Hezbollah first fired rockets at Israel on 8 October “in solidarity” with Hamas’s attack on Israel the day before – kicking off 10 months of tit-for-tat fighting, mainly along the Lebanon-Israel border.
But over the past week, fears that a full-scale war may break out have heightened, after the back-to-back assassinations of the top Hezbollah military commander Fuad Shukr in Beirut and Hamas’s political head, Ismail Haniyeh, in Tehran in the week after the killing of 12 children in a rocket strike on the town of Majd al-Shams in the Israeli-occupied Golan Heights.
Israel blamed Iranian ally Hezbollah for the attack, which the Lebanese militia denies, and killed Shukr in response. Israel has refused to officially comment on Haniyeh’s death, but its responsibility is widely acknowledged inside the country and beyond.
Hezbollah and Iran have promised a “serious” response to Israel. US and Israeli officials have said this could involve a wide-ranging missile attack against Israel, similar to Iran’s drone barrage in April.
In Shatila, a Palestinian refugee camp 5km from the beach resort, residents said they were impatiently awaiting Hezbollah and Iran’s retaliation.
People gathered on Friday in the camp to pay tribute to Haniyeh as he was buried in Qatar. An empty coffin draped in Hamas’s bright green flag was paraded through the streets by unarmed members of the group’s Izz ad-Din al-Qassam Brigades as supporters wearing keffiyehs chanted for Palestinian liberation.
“Many of us welcome an expansion of the war if it is to alleviate the suffering of our people in Gaza and the West Bank. We want Iran and Hezbollah to retaliate for what happened,” one of those watching, Wafaa Issa, said, adding that if needed she and her son would join the fight to defend Lebanon.

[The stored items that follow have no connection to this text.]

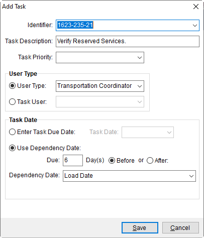 Utilize the Identifier to set the task to a logical grouping. This allows you to link new tasks to the correct group. For example, if your new task is one that you want associated to an Extra Stop, then you can choose one of either Pickup or Delivery types to link it correctly. This setting drives which Dependency Dates are available to the task, as well.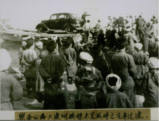 乐西公路大渡河桥梁未完成前汽车过渡场景(西昌市档案馆 藏)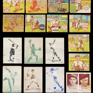 1934-1936 Batter-Up: (19 cards, average FR with 21% punched, reverse stamps or tape, includes one high number) with #2, #5 Hubbell (FR), #6 Terry (PR), 7, #10 R. Ferrell (GD), 12, #14 Traynor (GD), 15, #17 L. Waner (GD), 19, 20, 26, 29, 39, 40, 41 (punched), 63, 74, #134 Harder (punched);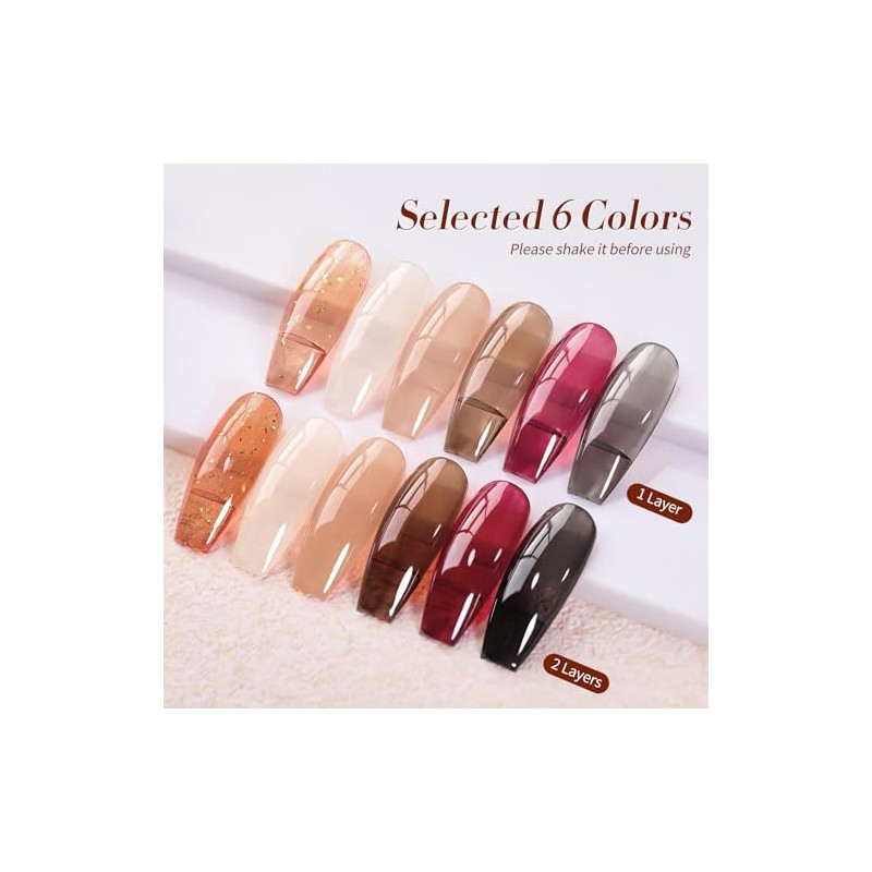 - PACKUNGSINHALT:6 Flaschen BORN PRETTY 7ml Gelee-Gel-Nagellack Set.Inspiriert von MOST POPULAR GEL COLOR. Sie werden schwindlig vor Freude, wenn Sie diesen Gelee-Gel-Nagellack tragen.Jelly-Gel-Lack macht Ihre Nägel wie eine Kirschblüte Gelee, es ist ein semitransparentes Nagelgel. Eine Schicht, zwei Schichten und drei Schichten sind unterschiedliche Wirkung.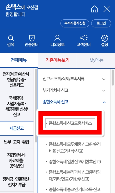 3. 세금신고 메뉴로 들어오셨다면, 다양한 세금 종류 중에서 '종합소득세' 항목을 찾아주세요. 그리고 그 아래에 있는 여러 소메뉴 중 '신고도움 서비스'를 선택하면 대상 여부를 확인할 수 있습니다.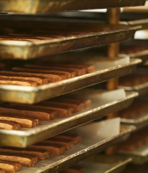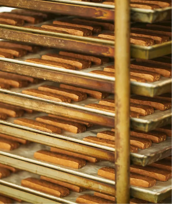国内の菓子メーカーでは希少な「有機JAS認定工場」として量産設備を整えています。満たすべき項目は膨大ですが、有機JAS認証管理に関するすべての基準をクリア。製造スタッフの知識向上とレベルアップに努めており、安心安全な商品をお届けするため管理を徹底しています。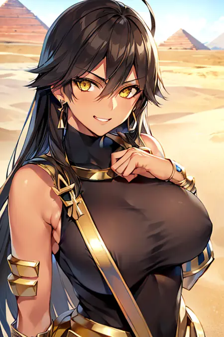 ozymandias - first ascen (fate), dark-skinned male, brown hair, short hair, yellow eyes, hair between eyes, ahoge, abs, black bodysuit, sleeveless, golden gauntlets, waist fauld, arm guards, egyptian clothes, earrings, jewelry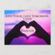 Custom Text Love Hands Heart Shape Pink Sunset Sky Postcard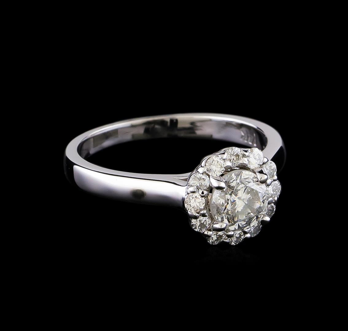 One electronically tested 14KT white gold lady's cast wedding ring with a basket halo with a bright polish finish. The featured lady's ring has a shank measuring 2.08 millimeters in width. Identified with markings of "14K". Condition is new, good workmanship. Containing: One prong set round brilliant cut diamond, measuring 5.46 - 5.44 x 3.38mm (depth est.) , 15.00.%. GTCF approximate weight of 0.72ct. Graded in the setting. Clarity: I-1. Color: Good Twelve prong set round brilliant cut diamonds, measuring 1.80 - 1.75 x 1.11mm (depth est.) approximate total weight of 12 Stones = 0.27ct. Graded in the setting. Clarity: SI-1 to SI-2. Color: H - I. Cut Good. Total Weight of Diamonds 0.99ct. Total Weight of Ring 3.50gm. GAS Appraised at $5,910.00.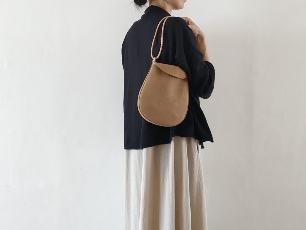 小さいフラップをふわりとかぶせた、まるい楕円形のかたち。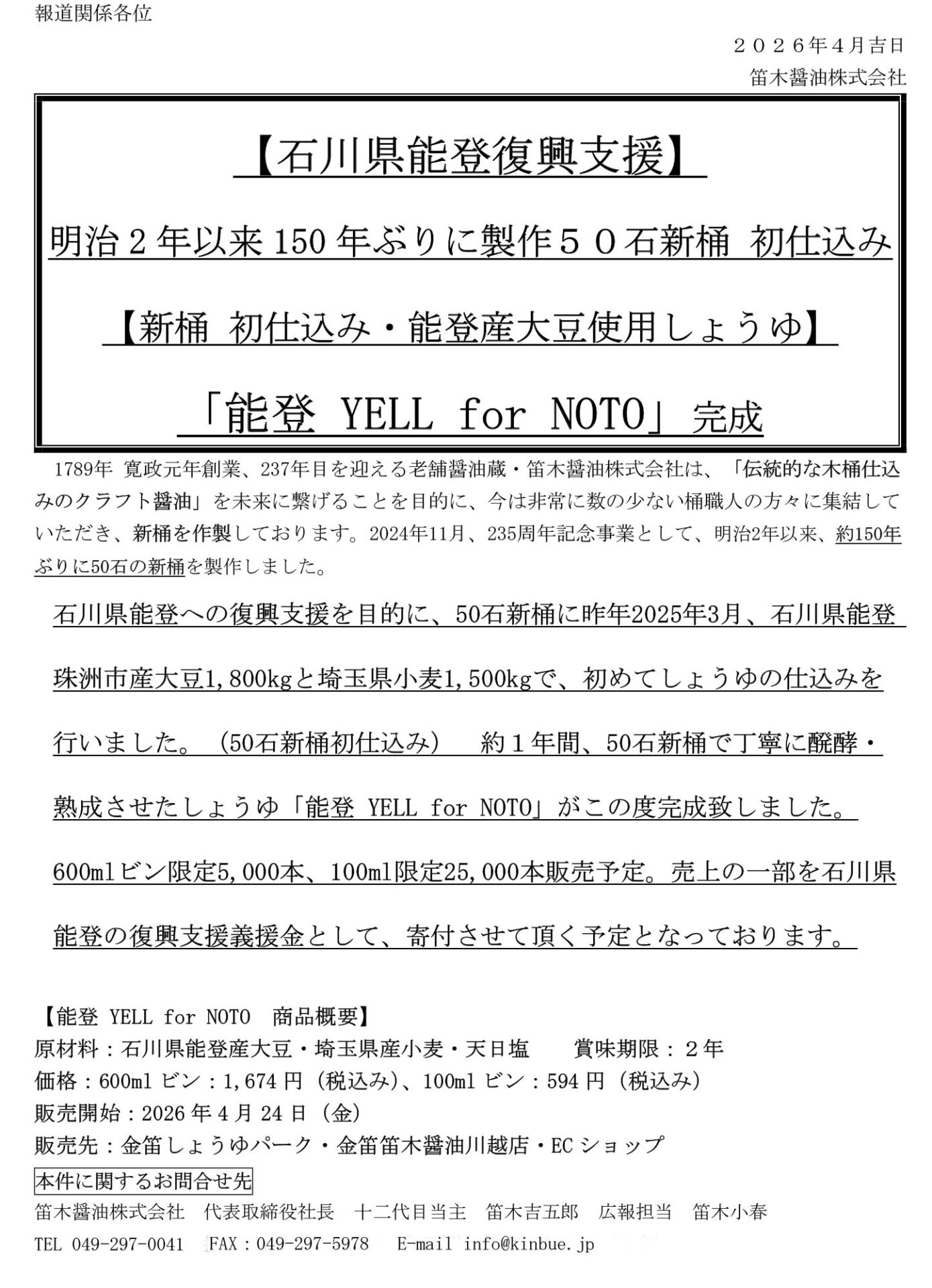 2026.04.21 プレスリリース 【プレスリリース】【石川県能登復興支援】 明治2年以来150年ぶりに製作50石新桶 初仕込み・能登産大豆使用しょうゆ 「能登 YELL for NOTO」完成 新商品蔵元からの便り お知らせ一覧へ戻る

Further away from Beirut, fighters were preparing themselves. “We are ready for any confrontation with Israel,” said Maj Gen Mounir al-Miqdah, the leader of the al-Aqsa Martyrs Brigade, the armed wing of the Palestinian Fatah faction that has fought alongside Hezbollah. Diplomats have been scrambling to try to prevent the simmering conflict from boiling over into a regional war.
On Saturday, David Lammy, the UK foreign secretary, spoke with his US counterpart, Antony Blinken. They reaffirmed the need to “de-escalate rising tensions in the Middle East and prevent the conflict from spreading,” said the US state department’s spokesperson, Matthew Miller.
In Lebanon, however, calls from the west could be ignored. Hezbollah-affiliated media has accused the US mediator Amos Hochstein of leading a “campaign of diplomatic deception” for, they claimed, misleading them about the nature of Israel’s strike.
It further called on Lebanese officials to stop meeting with Hochstein who, until now, has been seen as the main facilitator for a diplomatic solution between Israel and Hezbollah.
With no clear route to de-escalation, many Lebanese are despairing at the prospect of another war. Billboards have sprung up across Lebanon, showing bombed-out buildings, with the slogan, “Don’t repeat the past, Lebanon does not want a war”. Rents in the mountains surrounding Beirut have skyrocketed, as families seek a plan B in the historical safe haven.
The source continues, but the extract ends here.